Not only that, the Zilbrysq endorsement is UCB’s second in the indication this year, coming on top of the FDA signing off on Rystiggo in June.
The thumbs-up for Zilbrysq is for adults with gMG who are anti-acetylcholine receptor (AChR) antibody-positive. The medicine becomes the first once-daily, subcutaneous gMG-targeted therapy that can be self-administered, according to UCB.
The company acquired the drug in a $2.5 billion buyout of Ra Pharmaceuticals in 2019, paying more than a 100% premium to gain what it believed was a potential blockbuster.
Zilbrysq and Rystiggo have different mechanisms of action. While the peptide Zilbrysq is a targeted C5 inhibitor, Rystiggo is a subcutaneously infused monoclonal antibody that targets the neonatal Fc receptor.
Rystiggo was the first treatment endorsed for the two primary subsets of the disorder—those who are AChR antibody-positive or anti-muscle-specific tyrosine kinase antibody-positive.
“There's a lot of synergies between these two components which is a reason why we made the Ra acquisition," UCB's CEO Jean-Christophe Tellier said in an interview with Fierce Pharma. "We did these acquisitions exactly for this purpose—having an additional tool in our toolbox, providing synergies and complementary actions."
In those with gMG, pathogenic immunoglobulin G autoantibodies destroy the communication between nerves and muscles. The disorder can cause life-threatening weakness of muscles that control breathing, swallowing, chewing and talking.

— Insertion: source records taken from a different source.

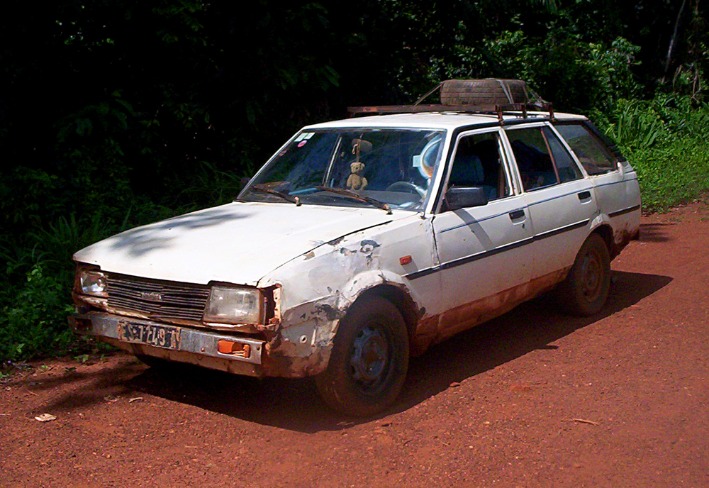 A Cameroonian bush taxi of the station-wagon type. 1983-1987 Toyota Corolla E70 wagon. Taken by uploader with Kodak CX6200 digital camera on 1 May 2005.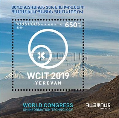 World Congress on Information Technology in Yerevan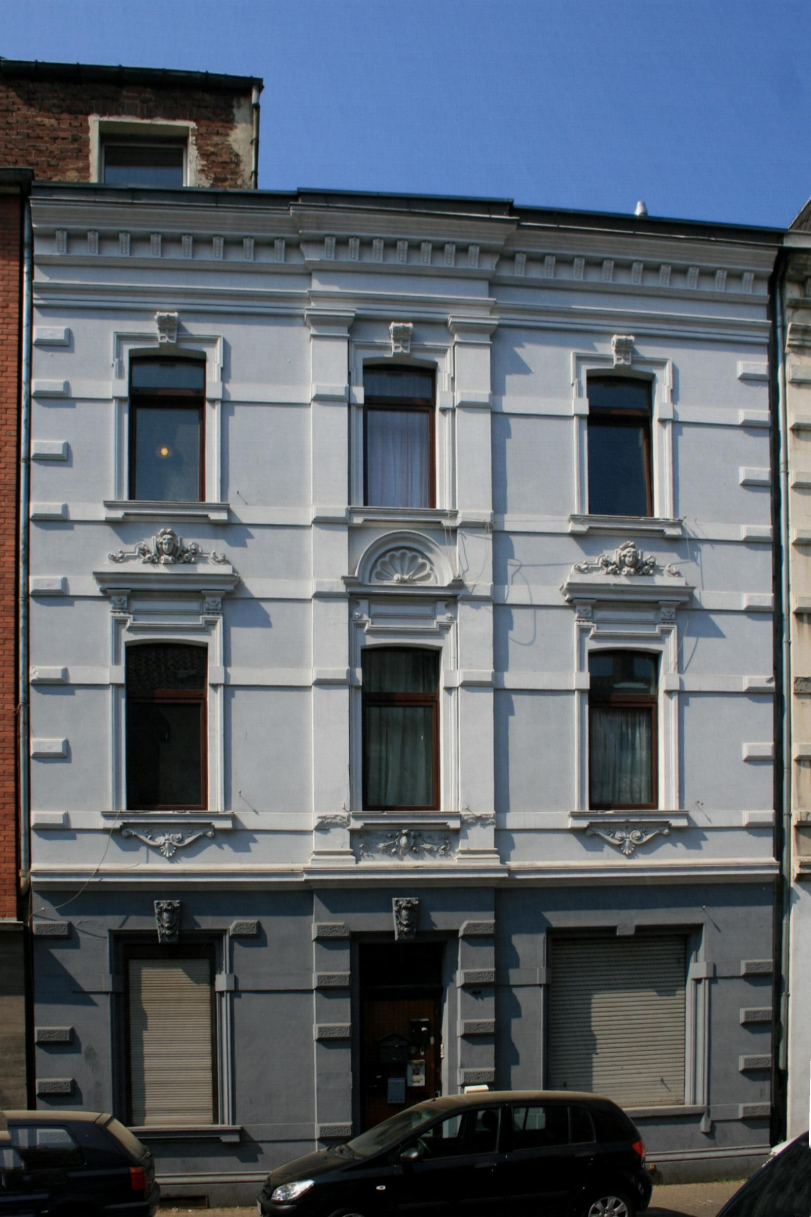 Cultural heritage monument No. 1/126 in Düren

It can strike anyone at any age but is more frequently seen in young women and men aged 50 and older. Double vision and drooping eyelids are common initial symptoms.
“Until now, people living with gMG have only had access to C5 therapy intravenously, which can be inconvenient and time-consuming,” Iris Loew-Friedrich, Ph.D., chief medical officer at UCB, said in a release.

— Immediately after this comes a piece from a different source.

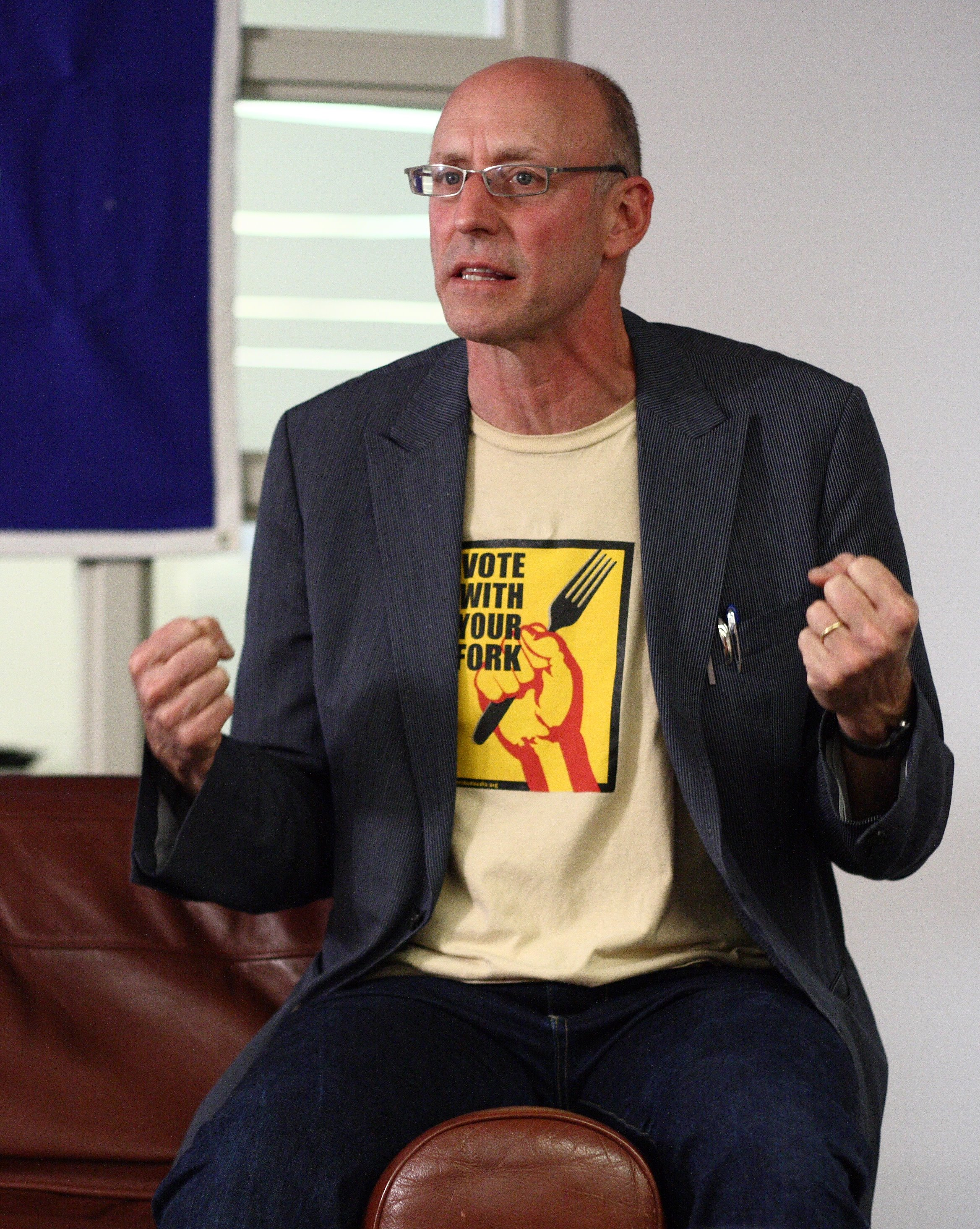 American science journalist and author Michael Pollan, speaking at a Yale University "Masters Tea"

The approval was based on results from the phase 3, placebo-controlled RAISE study that showed Zilbrysq provided significant benefits as reported by clinicians and patients who received the treatment for 12 weeks.
Zilbrysq’s label contains a boxed warning stating that usage can affect a patient’s ability to fight some infections, including those that are meningococcal, which are life-threatening when not treated early. The most common side effects from the trial were diarrhea, upper respiratory tract infection and injection site reactions.
Zilbrysq inhibits damage to the neuromuscular junction and can be used along with intravenous immunoglobin and plasma exchange, UCB said.
The company did not reveal what it will charge for Zilbrysq. Tellier said that the company hopes to bring it to market by the end of 2023 at "competitive pricing to existing complement inhibitors" in the indication. UCB's list price for Rystiggo comes to $6,050 per vial.
There is formidable competition in the gMG space as AstraZeneca won approval for Ultomiris in the indication last year. In June of this year, Argenx gained an FDA nod for Vyvgart Hytrulo.
Aside from the Zilbrysq nod, UCB also just won an FDA nod for its highly anticipated psoriasis drug Bimzelx. The company expects that medicine to become a blockbuster.